U.S. stock futures were pointing to a modestly lower Wall Street open, following the second Fed cut in over a decade that saw the Dow fall as many as 211 points before recovering to finish higher for the 10th time in 11 sessions. The other major averages have more middling performances — the S&P 500 has a modest two-day win streak and the Nasdaq has lost ground in three of the past four sessions. Both the S&P 500 and Nasdaq are virtually flat for the week to date. (CNBC)
President Donald Trump said the Federal Reserve and its chairman, Jerome Powell, have "no 'guts,' no sense, no vision!" The president's comments followed the Fed's vote to cut interest rates by a quarter point to a target range of 1.75% to 2%, along with a 30-basis-point cut to the interest paid on so-called excess reserves. (CNBC)
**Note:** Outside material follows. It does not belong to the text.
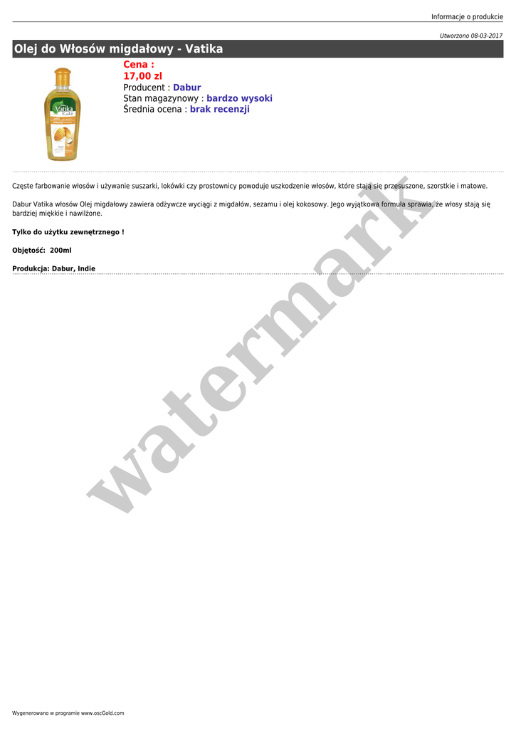 Informacje o produkcie Utworzono 08-03-2017 Olej do Włosów migdałowy - Vatika Cena : 17,00 zl Producent : Dabur Stan magazynowy : bardzo wysoki Średnia ocena : brak recenzji Częste farbowanie włosów i używanie suszarki, lokówki czy prostownicy powoduje uszkodzenie włosów, które stają się przesuszone, szorstkie i matowe. Tylko do użytku zewnętrznego ! Objętość: 200ml w at Produkcja: Dabur, Indie er m ar k Dabur Vatika włosów Olej migdałowy zawiera odżywcze wyciągi z migdałów, sezamu i olej kokosowy. Jego wyjątkowa formuła sprawia, że włosy stają się bardziej miękkie i nawilżone. Wygenerowano w programie www.oscGold.com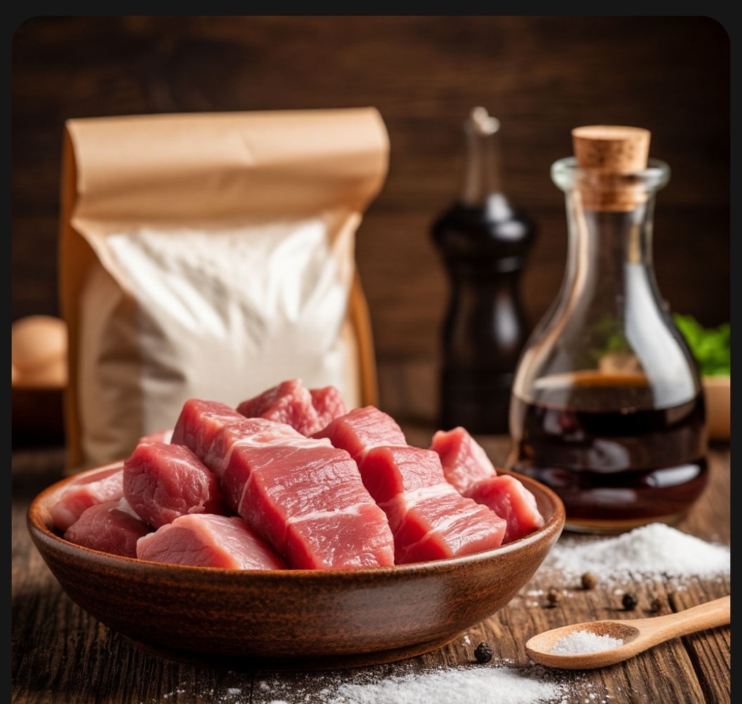 Время приготовления: ~40 минут Общая калорийность блюда составляет примерно 1978 ккал. Если поделить на 4 порции, то в одной порции будет около 495 ккал. Итак! Если вы хотите приготовить что-то яркое, сочное и насыщенное вкусами, этот рецепт — то, что нужно! Кусочки свинины, нежные внутри и с легкой хрустящей корочкой снаружи, обжаренные с овощами и покрытые густым кисло-сладким соусом, станут отличным ужином для всей семьи. Вот необходимый список ингредиентов: Основное: Свинина — 500 г Соевый соус — 100 мл Картофельный крахмал — 1 ст. л. (28 г) Пшеничная мука — 1 ст. л. (28 г) Оливковое масло — для жарки Овощи: Помидоры — 100 г Болгарский перец — 100 г Морковь — 100 г Соус: Кетчуп — 120 г Рисовый уксус — 2 ст. л. (30 мл) Сахар — 60 г Дополнительно: Рис (по желанию) Приготовление: 1. Маринуем мясо. Свинину нарезаем небольшими ломтиками, слегка отбиваем, чтобы мясо было мягче. В глубокой миске смешиваем соевый соус, крахмал и муку до однородности. Добавляем кусочки мяса, тщательн

Powell pledged that the central bank would engage in a "sequence" of interest rate cuts if conditions warrant, but he doesn't see that as necessary now. Speaking after the Fed lowered its benchmark interest rate by 25 basis points, Powell said data will dictate future moves. (CNBC)
* Powell doesn't see the Fed ever using negative interest rates, even in times of crisis (CNBC)
* Powell says it's possible the Fed will have to resume balance sheet growth (CNBC)
* Japan central bank stands pat after Fed rate cut (AP)
On today's packed economic calendar, the Labor Department is out with its weekly look at initial jobless claims at 8:30 a.m. ET. Also out at 8:30 a.m. ET: the Philadelphia Fed Manufacturing Index. At 10 a.m. ET, the National Association of Realtors releases existing home sales for August. At the same time, the Conference Board is out with the August Index of Leading Economic Indicators.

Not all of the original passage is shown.